The ISMS shall include defined scope boundaries, a risk assessment methodology, measurable objectives, and documented controls justified in the Statement of Applicability (SoA).

That requirement, from policy clause 6.1.2 in the Information Security Policy, is the foundation for an audit-ready approach. The SoA should become the bridge between obligations, risks, controls, evidence, and management decisions.

Why NIS2 and DORA changed what “applicable” means

A traditional ISO/IEC 27001:2022 SoA often starts with a simple question: “Which Annex A controls apply to our risk treatment plan?” That is still correct, but it is no longer enough for SaaS, cloud, managed service, fintech, financial technology, and critical supply chain providers.

NIS2 raises the baseline for cybersecurity risk management across essential and important entities in the EU. It covers sectors such as digital infrastructure, cloud computing service providers, data centre service providers, content delivery networks, managed service providers, managed security service providers, banking, and financial market infrastructures. Member States must identify essential and important entities and domain-name registration service providers, and many technology providers that previously treated cybersecurity regulation as a customer issue are now either directly in scope or exposed through contractual flow-down requirements.

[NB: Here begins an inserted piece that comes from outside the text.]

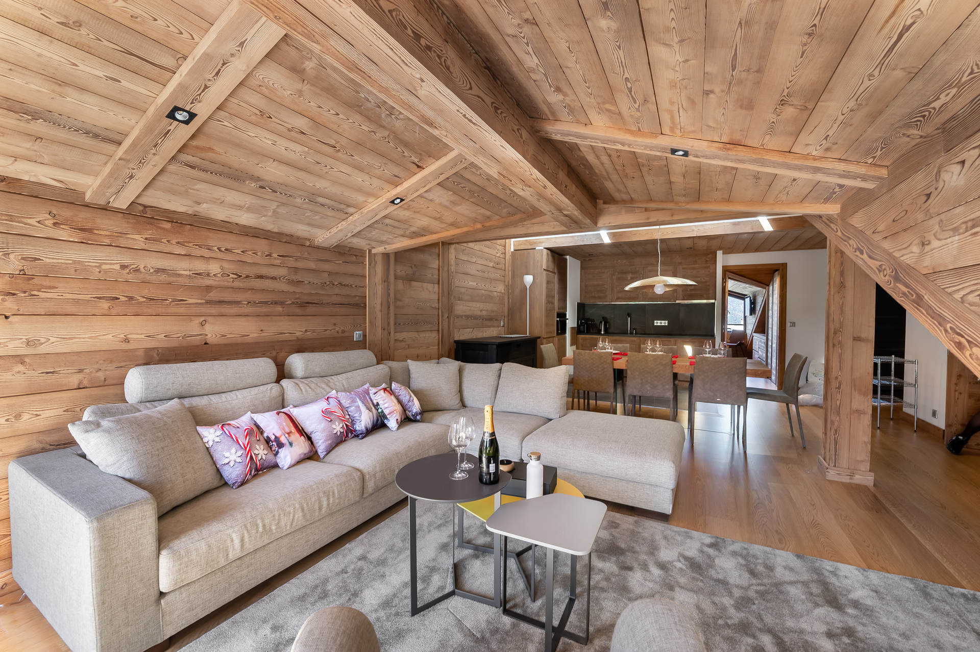 Magnificent apartment located on the top floor of the GRANDES BOSSES residence. With a surface area of 103m², it can accommodate up to 6 adults and 2 children in its 3 ensuite bedrooms with one hammam shower and its mountain corner. Located in the heart of the resort of Courchevel Moriond, the Grandes Bosses 703 apartment offers ski-in/ski-out access.

NIS2 Article 21 requires appropriate and proportionate technical, operational, and organizational measures across risk analysis, security policies, incident handling, business continuity, supply chain security, secure acquisition and development, control effectiveness assessment, cyber hygiene, training, cryptography, HR security, access control, asset management, and authentication where appropriate. NIS2 Article 23 adds staged incident reporting expectations, including early warning, notification, updates, and final reporting for significant incidents.

DORA, the Digital Operational Resilience Act, applies from 17 January 2025 and focuses on financial entities and their ICT risk ecosystem. It covers ICT risk management, ICT-related incident reporting, operational or security payment incident reporting for certain entities, digital operational resilience testing, cyber threat information sharing, ICT third-party risk management, contractual arrangements, and oversight of critical ICT third-party service providers.

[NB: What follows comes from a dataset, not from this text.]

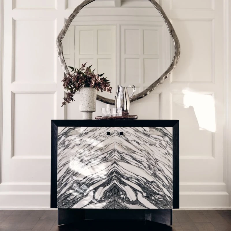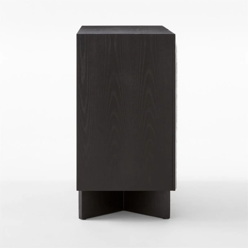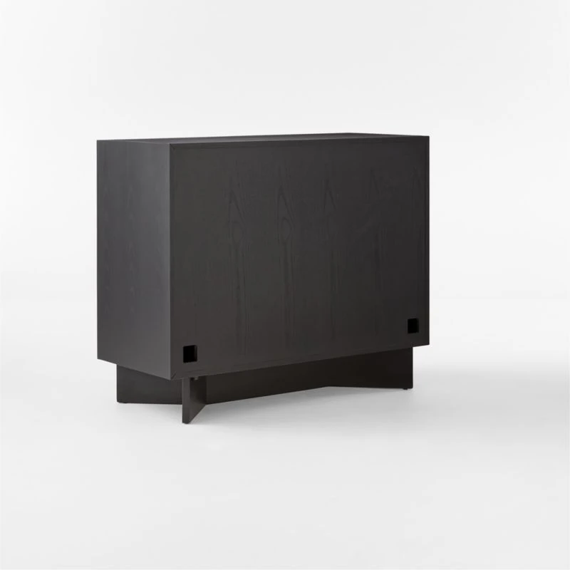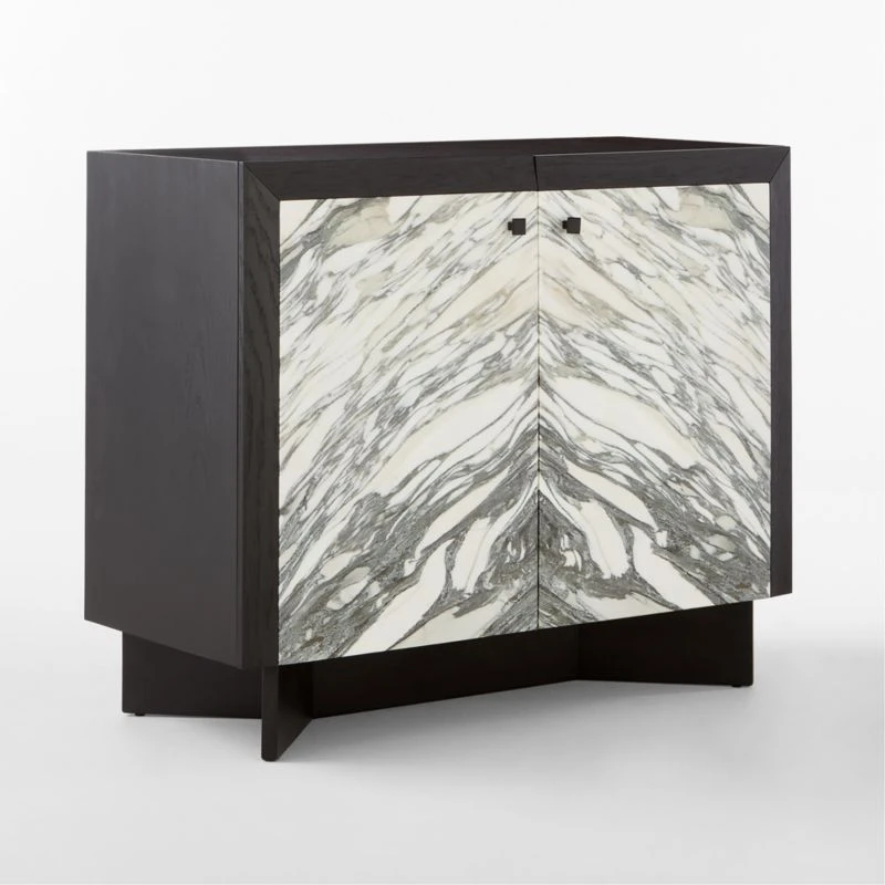Boxy bar cabinet by Jannis Ellenberger embraces contrasts of texture and tone. A frame of blackened ash wood, certified sustainable by the Forest Stewardship Council ® (FSC), has a smooth surface that showcases the wood grain’s variation. Soft-close doors are covered with Italian Arabescato marble veneer, precisely book-matched to emphasize the beauty of natural stone. Within the cabinet, two adjustable shelves provide ample storage. A dramatic addition to the dining room, the cabinet could also serve as a statement piece for the entryway. CB2 exclusive.

For financial entities that are also essential or important entities under NIS2, DORA functions as the sector-specific regime for equivalent ICT risk management and incident reporting obligations. But for SaaS providers, cloud providers, MSPs, and MDR providers serving financial customers, the practical reality is that DORA expectations arrive through procurement, contracts, audit rights, incident support obligations, exit planning, subcontractor transparency, and resilience evidence.

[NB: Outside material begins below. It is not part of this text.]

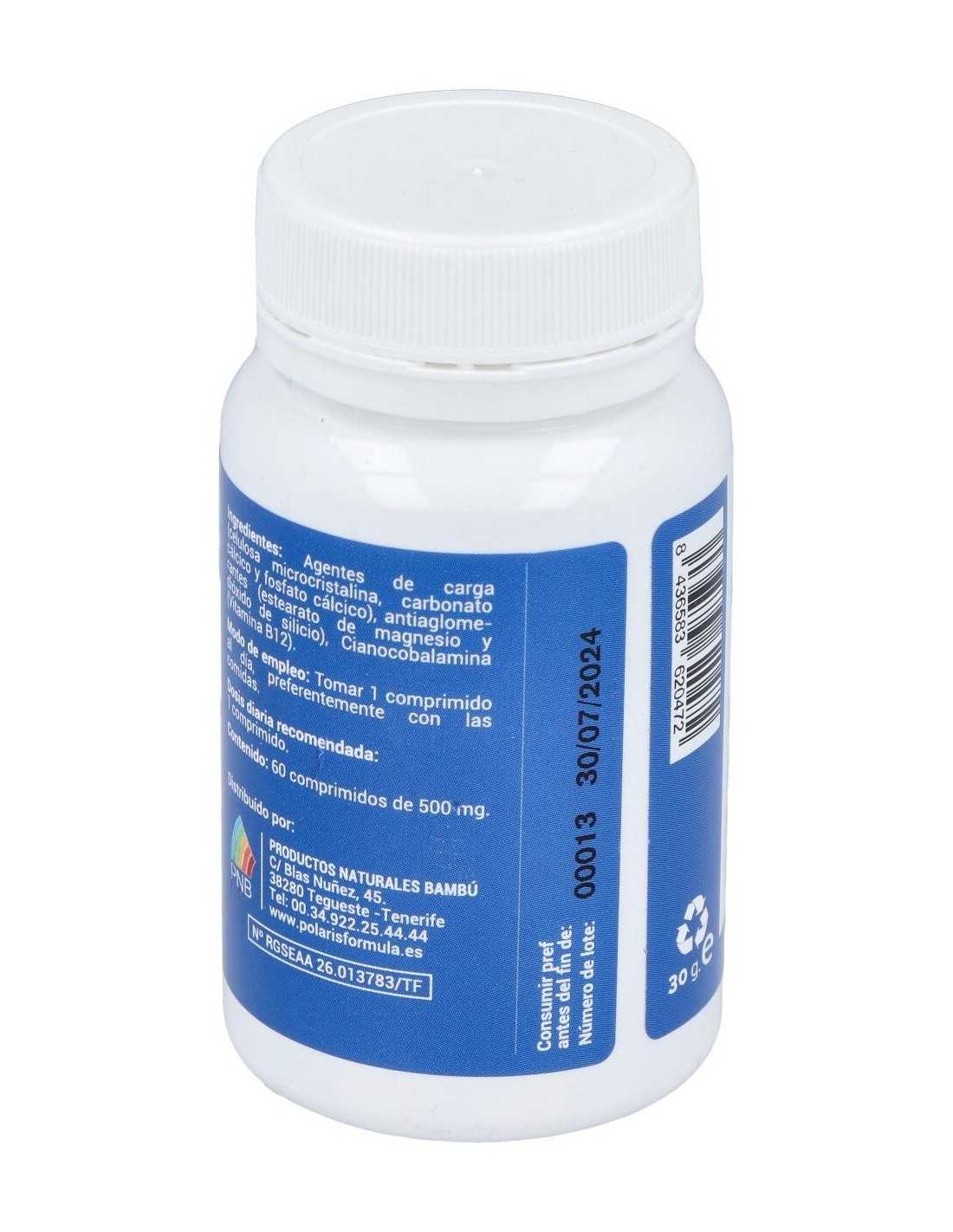 Complemento alimenticio natural formulado a base de vitamina B12. Bote de 60comprimidos de 500mg. Favorece el correcto desarrollo y mantenimiento celular. La vitamina B12 contribuye activamente en la producción de ADN. Indicado para adultos.

That changes the SoA conversation. The question is no longer, “Does Annex A contain this control?” The better question is:

Can we prove that the control selection is risk-based, obligation-aware, proportionate, owned, implemented, monitored, evidenced, and approved?

ISO 27001 is the universal translator for NIS2 and DORA

ISO/IEC 27001:2022 is valuable because it is a management system standard, not a narrow checklist. It requires the ISMS to be integrated into organizational processes and scaled to the organization’s needs. That makes it an effective universal translator for overlapping compliance demands.

Clauses 4.1 to 4.4 require the organization to understand its context, identify interested parties, determine relevant requirements, and define the ISMS scope. For a FinTech SaaS provider like Elena’s company, those interested party requirements may include EU customers, financial customers affected by DORA, NIS2 sector exposure, GDPR controller and processor obligations, outsourced cloud dependencies, supplier interfaces, and board expectations.

Clauses 6.1.1 to 6.1.3 require planning for risks and opportunities, a repeatable information security risk assessment process, a risk treatment process, comparison with Annex A, and a Statement of Applicability that identifies included controls, implementation status, and exclusion justifications.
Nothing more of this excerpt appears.